Builders Welcome The Provisions Of Interim Budget 2019-2020

Builders across India have liked the provisions provided by the government for the real estate industry in the current Interim Budget

Recently when the Interim Budget was announced, builders across India heaved a sigh of relief because it was everything that they wanted it to be. The Indian real estate sector has unanimously given its thumbs up to the budget which was presented by Union finance minister Piyush Goyal on Friday. This budget seems to be the light at the end of the tunnel for the developers who had been battling a severe liquidity crisis, unsold inventory, GST as well as the effects of demonetisation.  

Shrikant Paranjape, president, Confederation of Real Estate Developers Associations of India (CREDAI) Pune stated that the provisions in the budget will be a boon for the industry. “Especially, the one which encourages buying a second home and exemption of tax from the rent earned from the second home,” Shrikant said.

He went on to add that since the rentals up to Rs 20,000 Tax Deducted at Source (TDS) will not be deducted, this would in all probability spike the sale of mid-income homes.

Rajan Bandelkar, President, NAREDCO West hailed it as the best budget in the last 10 years.  

Manju Yagnik, Vice Chairperson, Nahar Group found the budget to be of the right balance between the buyers and the developers. She went on to add that catering to both of their needs by giving the right kind of incentives to the buyers and sellers was the plus point of the budget. “Key focused aspects coupled with easy availability of funds, considerable tax deductions and attractive incentives for the first time home buyers is going to make the future relatively easier for the developers and buyers alike,” Manju added.

Rohit Poddar, Managing Director, Poddar Housing and Development said that the budget was an extremely positive one for the industry. He went on to add that it showed that the government remained committed to the real estate industry. “It has enhanced and consolidated the real estate sector which will further provide people with comprehensive social security,” Rohit said.

Amit B Wadhwani, Co-founder, Sai Estate Consultants said that the impact of the interim budget would be that it would usher a massive change in the demand and supply economics of the real estate industry. “Extending the benefits under Section 80-IBA of the Income Tax Act for one more year will surely lead to a rise in end-use consumption of homes. Also, with inflation at an all-time low and the announcements on the income tax rebate, schemes will provide impetus to home buying sentiment in the country,” Amit said. He welcomed the extension on a period of exemption from levy of tax on notional rent, on unsold inventory from one year to two years.

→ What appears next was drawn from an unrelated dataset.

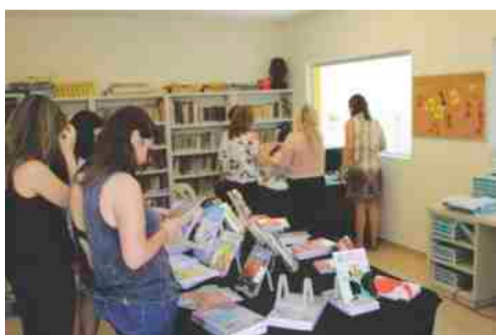
Lançamentos de livros.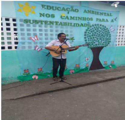
Foto 13: Apresentação do Professor Arthur. 5º ano. EEEF Desemb. Pedro Bandeira em 21/21/2017.

J C Sharma, Vice Chairman and Managing Director, SOBHA Limited was all praise for the budget too. He added that this was a step further in India’s development. “The proposed tax rebate of zero percent for individuals with taxable annual income up to Rs 5 lakh, people with gross income up to Rs 6.50 lakh will not be required to pay any income tax if they make investments in provident funds, specified savings and insurance etc. will help create a positive environment,” Sharma added. He felt that the budget provisions were made in a way that the middle class would end up having a lot of savings. “This will enable consumers to buy their first home and help augment the demand for housing in India,” Sharma stated.  

Rohit Gera, MD of Gera Developments said that the budget speech showcased the fact that the current government was indeed in favour of the real estate sector. He further lauded the one year extension of Section 80 I B.

Surendra Hiranandani, Founder & Director, House of Hiranandani welcomed the decision of removing the tax on notional rent on the second self-occupied house. “This will prep up demand for second homes substantially. The FM has brought about substantial improvements in both personal income and capital gains. This is extremely positive as compared to the slow incremental reforms of the past,” Surendra added.

Anil Saraf, CMD, ASF Group said that the provisions of the Interim Budget had been focussed on the right areas. This would lead to removing the bulk of the stress on the real estate industry and increase sales. “The series of sops for both buyers and developers should help perk up sentiment in the sector that has been going through a sluggish phase with inventory piling up across the country. It is now expected that buyers with an investible surplus will re-enter the market to purchase houses,” Anil added.

However, Satish Magar, president-elect, CREDAI national was not that pleased with the provisions. According to him, there were huge expectations about a decision regarding the embargo on the sale of flats at rates lesser than the ready reckoner was expected. “Nothing came through about it so selling the flats at the rates that are lesser than ready reckoner is not possible now, this is a bit disappointing. However, certain provisions for housing are likely to help real estate,” Satish added.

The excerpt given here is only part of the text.